* [ASSIGNED TASK] Beginning with the line that contains "Обивка кресла выполнена", retype the entries below exactly, ending with the line that contains "مگنت دکو و شوتو". Leave out any pictures.
Start of EXTRACTED RECORDS
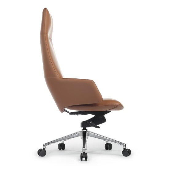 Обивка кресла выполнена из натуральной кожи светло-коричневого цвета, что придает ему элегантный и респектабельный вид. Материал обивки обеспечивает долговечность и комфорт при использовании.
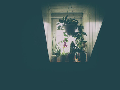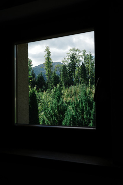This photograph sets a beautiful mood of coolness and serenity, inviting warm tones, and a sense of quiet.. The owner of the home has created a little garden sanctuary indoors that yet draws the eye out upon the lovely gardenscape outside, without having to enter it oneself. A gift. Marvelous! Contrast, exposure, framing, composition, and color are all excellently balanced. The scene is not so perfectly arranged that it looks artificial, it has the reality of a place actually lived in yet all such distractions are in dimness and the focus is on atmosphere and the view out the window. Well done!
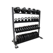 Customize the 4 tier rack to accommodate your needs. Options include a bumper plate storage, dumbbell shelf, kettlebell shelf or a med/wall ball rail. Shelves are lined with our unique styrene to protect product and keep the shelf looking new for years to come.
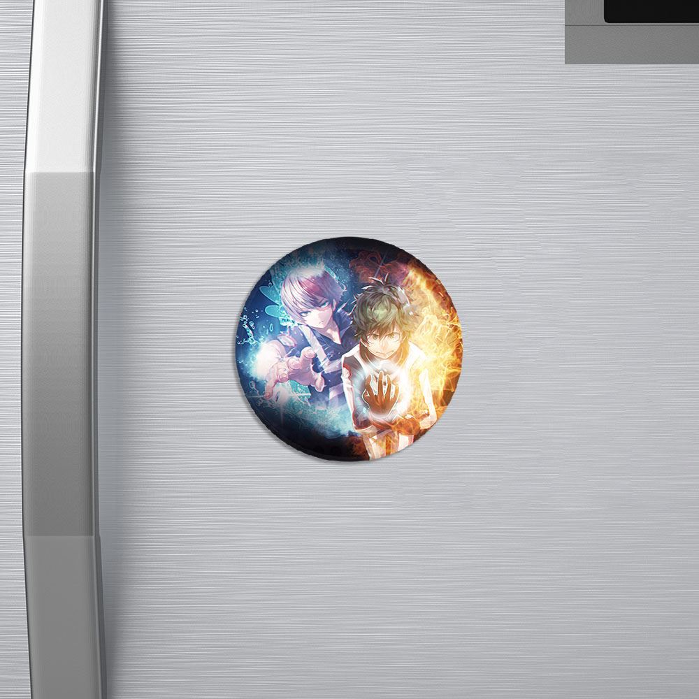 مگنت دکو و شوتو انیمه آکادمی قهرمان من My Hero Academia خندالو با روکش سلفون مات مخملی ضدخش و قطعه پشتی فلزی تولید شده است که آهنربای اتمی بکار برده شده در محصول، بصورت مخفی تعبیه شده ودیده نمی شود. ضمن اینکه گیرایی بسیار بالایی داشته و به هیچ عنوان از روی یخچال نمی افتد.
End of EXTRACTED RECORDS
Start of EXTRACTED RECORDS
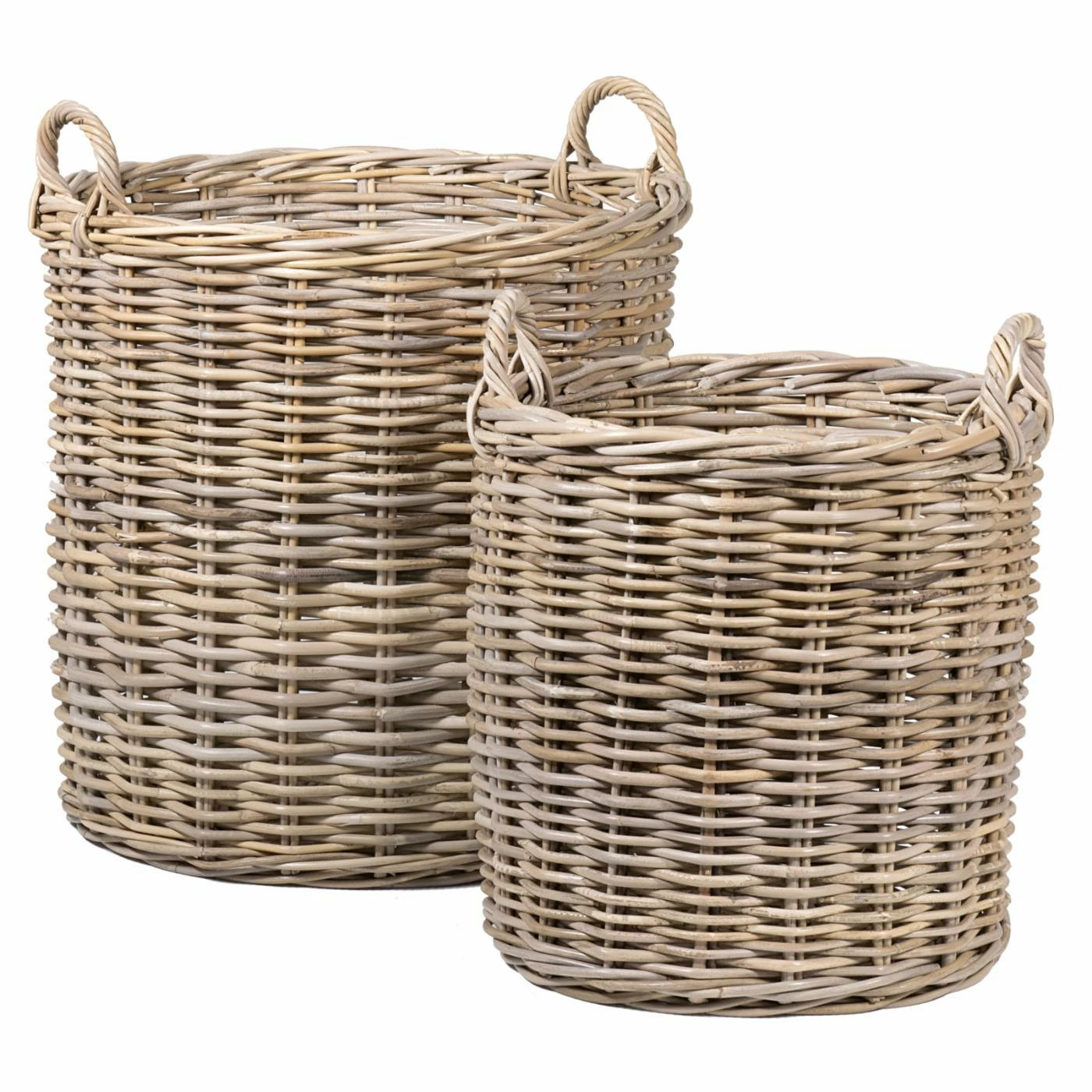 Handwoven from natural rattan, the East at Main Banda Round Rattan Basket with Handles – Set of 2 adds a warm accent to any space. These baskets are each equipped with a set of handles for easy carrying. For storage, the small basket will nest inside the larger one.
End of EXTRACTED RECORDS
Start of EXTRACTED RECORDS
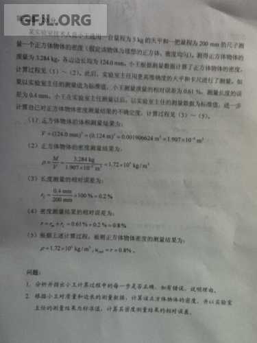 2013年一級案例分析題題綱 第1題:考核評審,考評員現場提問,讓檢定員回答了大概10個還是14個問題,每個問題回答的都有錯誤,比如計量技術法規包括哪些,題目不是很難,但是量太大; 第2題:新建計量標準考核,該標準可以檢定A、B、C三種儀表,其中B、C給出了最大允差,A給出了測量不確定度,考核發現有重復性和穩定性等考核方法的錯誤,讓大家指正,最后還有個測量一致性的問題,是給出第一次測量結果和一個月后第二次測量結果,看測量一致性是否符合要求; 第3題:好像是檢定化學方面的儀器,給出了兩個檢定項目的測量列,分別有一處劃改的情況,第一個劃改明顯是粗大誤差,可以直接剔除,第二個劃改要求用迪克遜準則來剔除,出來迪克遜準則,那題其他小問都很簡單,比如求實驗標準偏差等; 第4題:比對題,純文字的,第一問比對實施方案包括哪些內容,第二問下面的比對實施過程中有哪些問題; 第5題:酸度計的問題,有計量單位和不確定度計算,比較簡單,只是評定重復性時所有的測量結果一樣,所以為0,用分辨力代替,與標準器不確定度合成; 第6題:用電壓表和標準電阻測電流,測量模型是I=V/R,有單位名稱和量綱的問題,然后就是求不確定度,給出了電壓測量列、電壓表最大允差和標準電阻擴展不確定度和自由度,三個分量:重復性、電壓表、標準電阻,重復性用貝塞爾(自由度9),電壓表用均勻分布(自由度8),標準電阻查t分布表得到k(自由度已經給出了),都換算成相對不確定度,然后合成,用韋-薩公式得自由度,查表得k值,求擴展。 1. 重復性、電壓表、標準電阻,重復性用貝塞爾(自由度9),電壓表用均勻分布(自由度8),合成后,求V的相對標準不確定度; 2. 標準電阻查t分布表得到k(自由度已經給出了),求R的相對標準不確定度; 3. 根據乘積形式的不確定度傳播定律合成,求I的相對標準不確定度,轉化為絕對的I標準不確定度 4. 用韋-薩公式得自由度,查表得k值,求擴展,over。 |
End of EXTRACTED RECORDS
* [EXPECTED ANSWER]
 Обивка кресла выполнена из натуральной кожи светло-коричневого цвета, что придает ему элегантный и респектабельный вид. Материал обивки обеспечивает долговечность и комфорт при использовании.
This photograph sets a beautiful mood of coolness and serenity, inviting warm tones, and a sense of quiet.. The owner of the home has created a little garden sanctuary indoors that yet draws the eye out upon the lovely gardenscape outside, without having to enter it oneself. A gift. Marvelous! Contrast, exposure, framing, composition, and color are all excellently balanced. The scene is not so perfectly arranged that it looks artificial, it has the reality of a place actually lived in yet all such distractions are in dimness and the focus is on atmosphere and the view out the window. Well done!
 Customize the 4 tier rack to accommodate your needs. Options include a bumper plate storage, dumbbell shelf, kettlebell shelf or a med/wall ball rail. Shelves are lined with our unique styrene to protect product and keep the shelf looking new for years to come.
 مگنت دکو و شوتو انیمه آکادمی قهرمان من My Hero Academia خندالو با روکش سلفون مات مخملی ضدخش و قطعه پشتی فلزی تولید شده است که آهنربای اتمی بکار برده شده در محصول، بصورت مخفی تعبیه شده ودیده نمی شود. ضمن اینکه گیرایی بسیار بالایی داشته و به هیچ عنوان از روی یخچال نمی افتد.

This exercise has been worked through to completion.